■ Requirement: For the data below, tally how many lines contain "челээш" and answer only with that tally.

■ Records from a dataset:
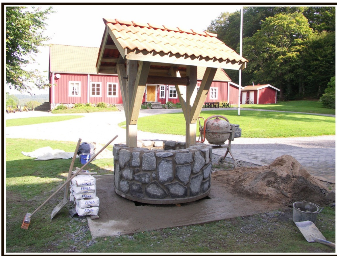
Gamla brunnen på gårdsplanen tas fram och förses med överbyggnad.
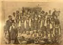
Клон на МЧК в Пловдив, Варошево

ставките за общо действие от всички клонове с отчитане дейността пред Върховното управление и изпращане дописки до сп. „Аз служба“.
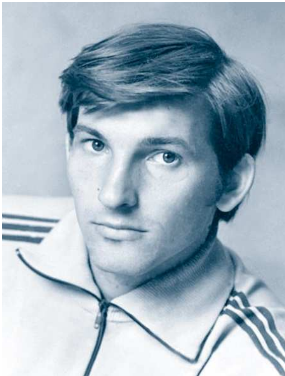
Владислав Третьяк пришел в хоккей в начале 1960-х гг.

1954 года, шли только радиотрансляции), из-за чего хоккей мгновенно становится самым популярным видом спорта в стране (вместе с фигурным катанием, слава которого началась у нас почти одновременно с хоккейной: на мировых турнирах стала доминировать советская пара Людмила Белоусова и Олег Протопопов).
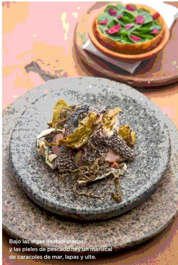
Bajo las algas deshidratadas y las pieles de pescado hay un mariscal de caracoles de mar, lapas y ulte.
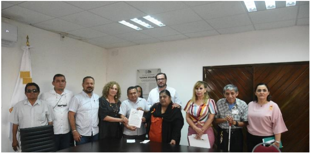
Reunión de Trabajo con la Asociación de Discapacitados
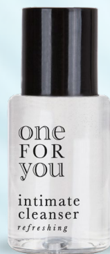
igiene intima flacone 20 ml
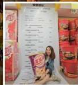
SNACK BUSY STATION
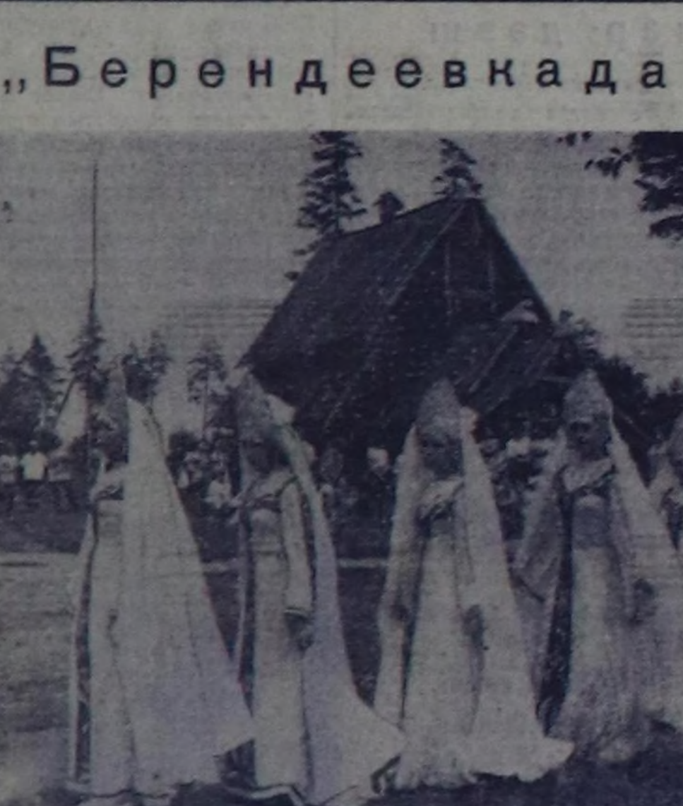
«Берендеевкада челээш» деп чоунун хоочун чогулганын чалгаш болган фести-валы Костромга болган. Ол байралага мул-мул көрүктүрүп чымылган. Бот-тыныгыр уран чугула 500 кире киржикчилери улут-тун ирларын, танымлырын күсөлдө-гүсөлдөшүн уран мергежилян көр-гүсөлдөшүн. «Берендеев оранынын» тоол-до-макта кирген тулгалары каастаан хоорай пармынын элээр кам илдеринге бот-тыныгыр артистер хары утга оюнар көр-гү-зүп турганнар.

Хандагайты. В. ЧАДАМБА. («Шынның тускай көрү»). «Берендеевкада челээш»
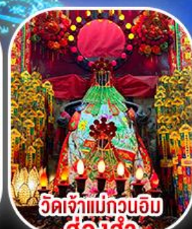
วัดเจ้าแม่กวนอิม ฮ่องฮำ
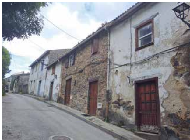
Imaxe 21. Vivendas na Condomiña con planta e tipoloxía das antigas casetas da orde dos Lazarados, que foron habitadas por oleiros e outras familias humildes.
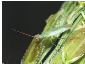
アカヒゲホソミドリ カスミカメ

斑点米カメムシ類「やや多い」！ 今すぐ草刈りを行い、斑点米カメムシ類の生息密度を減らしましょう！
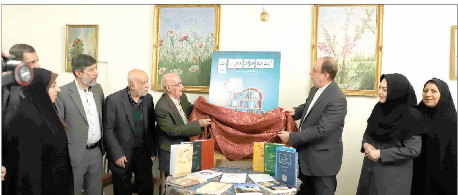
با هدف تجلیل از یک عمر تلاش نویسنده همدانی

■ Answer to this exercise: 2